2. The method for real-time early warning of large deformation of tunnel surrounding rock by multi-source information fusion according to claim 1, characterized in that, The process of acquiring a multi-source monitoring dataset for large deformation of surrounding rock, and performing spatiotemporal registration and data self-correction preprocessing to obtain a corrected monitoring dataset for large deformation of surrounding rock includes: A multi-source three-dimensional sensing network was constructed, including advanced geological exploration, deep surrounding rock monitoring, support stress monitoring, environmental hydrological monitoring, and construction parameter acquisition, and a multi-source monitoring dataset of large deformation of surrounding rock was obtained.
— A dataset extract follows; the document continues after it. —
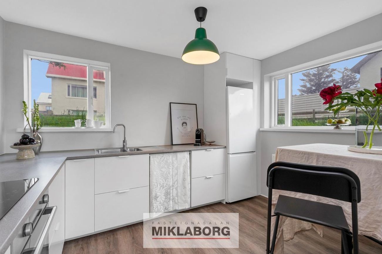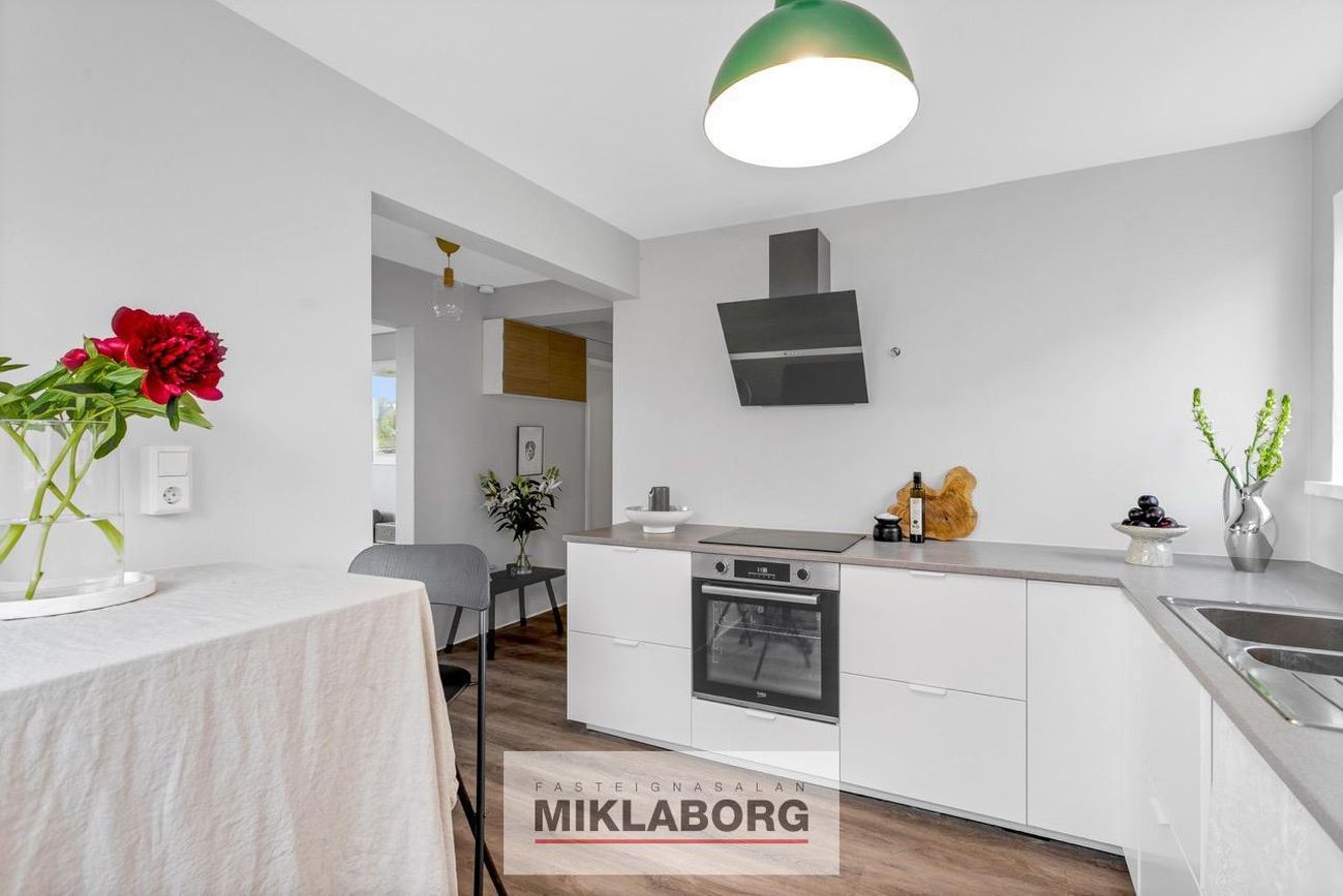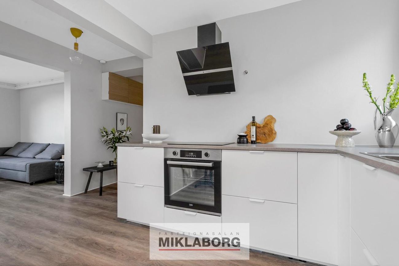 Eldhús: nýleg ljós innrétting með grárri borðplötu, helluborði, bakaraofni og vegghengdum háfi, endurnýjað 2024. Pláss er fyrir uppþvottavél og ísskáp í innréttingu.

The multi-source monitoring dataset of large deformation of surrounding rock was time-series aligned and spatially registered, and the data self-correction preprocessing was performed by a preset data correction model based on DDPG reinforcement learning to obtain the monitoring correction dataset of large deformation of surrounding rock.
3. The method for real-time early warning of large deformation of tunnel surrounding rock by multi-source information fusion according to claim 2, characterized in that, The step involves performing mechanism-driven preprocessing based on the large deformation monitoring and correction dataset of surrounding rock to obtain a standard dataset for large deformation monitoring of surrounding rock, including: Based on the large deformation monitoring correction dataset of surrounding rock, signal denoising is performed by wavelet packet hierarchical denoising and Kalman adaptive filtering to obtain the large deformation monitoring denoised dataset of surrounding rock. Based on the denoised dataset of large deformation monitoring of surrounding rock, missing data are filled in by spatial correlation of adjacent sensors, temporal grey GM model and neighborhood spatial interpolation to obtain the complete dataset of large deformation monitoring of surrounding rock. Based on the complete dataset of large deformation monitoring of surrounding rock, feature decoupling and normalization processing is performed through a preset normalization model of surrounding rock mechanical constraints, and feature encoding processing is performed to obtain the standard dataset of large deformation monitoring of surrounding rock.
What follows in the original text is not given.